Being I had lowered my 1999 C5 as low as it would go I then went with the Penske race shocks also designed to be shorter and mounted
upsidedown to reduce unspung weight.
I then added a bump stop at bottom end to prevent bottoming out
I then mini tubbed the inner fenders and trimmed the end of springs, so 12-inch wide rims would fit and not showing past the rear quarter panel
These are further adjusted by Nitrogen, some info on that :
The nitrogen charge in gas shocks is essential to keep them working properly.
If the charge is too low, the oil will break down and the damper won't perform correctly and consistently.
Adding gas pressure above the minimum required will simulate a stiffer spring rate in the suspension, as now a higher force is required to compress the shock and spring due to the added force from the gas charge acting on the cross-section area of the damper shaft.
Although the shaft diameter isn't massive (5/8"), pressure acting on this will have an effect.
The canister knob affects compression damping only. If you have a knob with 6 positions. 1 = softest, 6 = stiffest.
If C5 is bottoming out over big bumps or the car feels like it's moving around too much, try going to a stuffer setting.
If the car feels too harsh and lacking grip, go to a softer setting.
The rebound adjuster will be at the other end of the shock on the end of the chrome shaft.
This adjuster makes the rebound stiffer when you turn it clockwise.
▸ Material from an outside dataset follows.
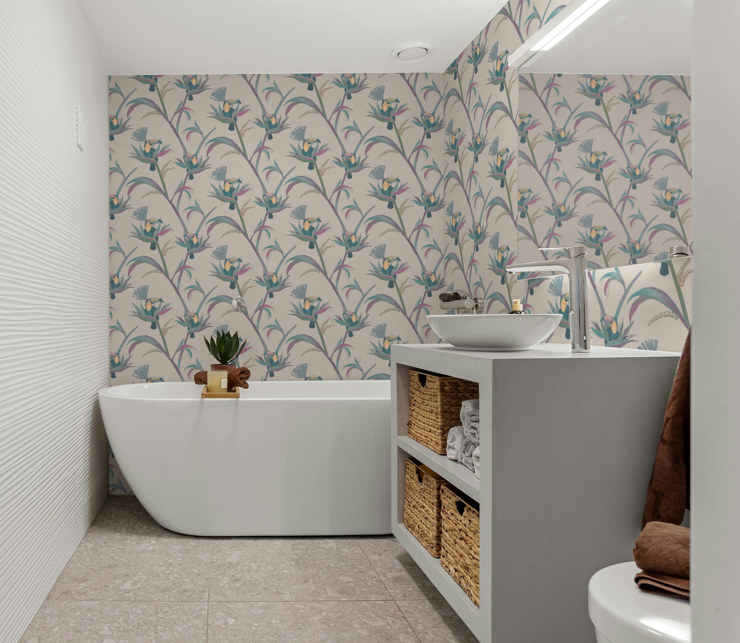 Le nostre carte da parati possono essere pulite con un panno morbido e umido.​Si sconsiglia l’uso di detergenti per preservare i colori e il disegno, tuttavia i nostri materiali sono rifiniti da uno strato impermeabile che consente la pulizia con detergenti non aggressivi in ​​caso di macchie non rimovibili altrimenti.

This adjuster controls roll stiffness and will help if the car takes a few oscillations to settle down after a bump.
Again, if the car feels like it's moving around too much or a bit lazy on turn in, I will want to go to a stiffer setting.
If the car gets a little tail happy or light in the rear when on the brakes, you may want to add a little rear rebound.
If the car is under steering, say on a corner out on power, I may want to add some front rebound.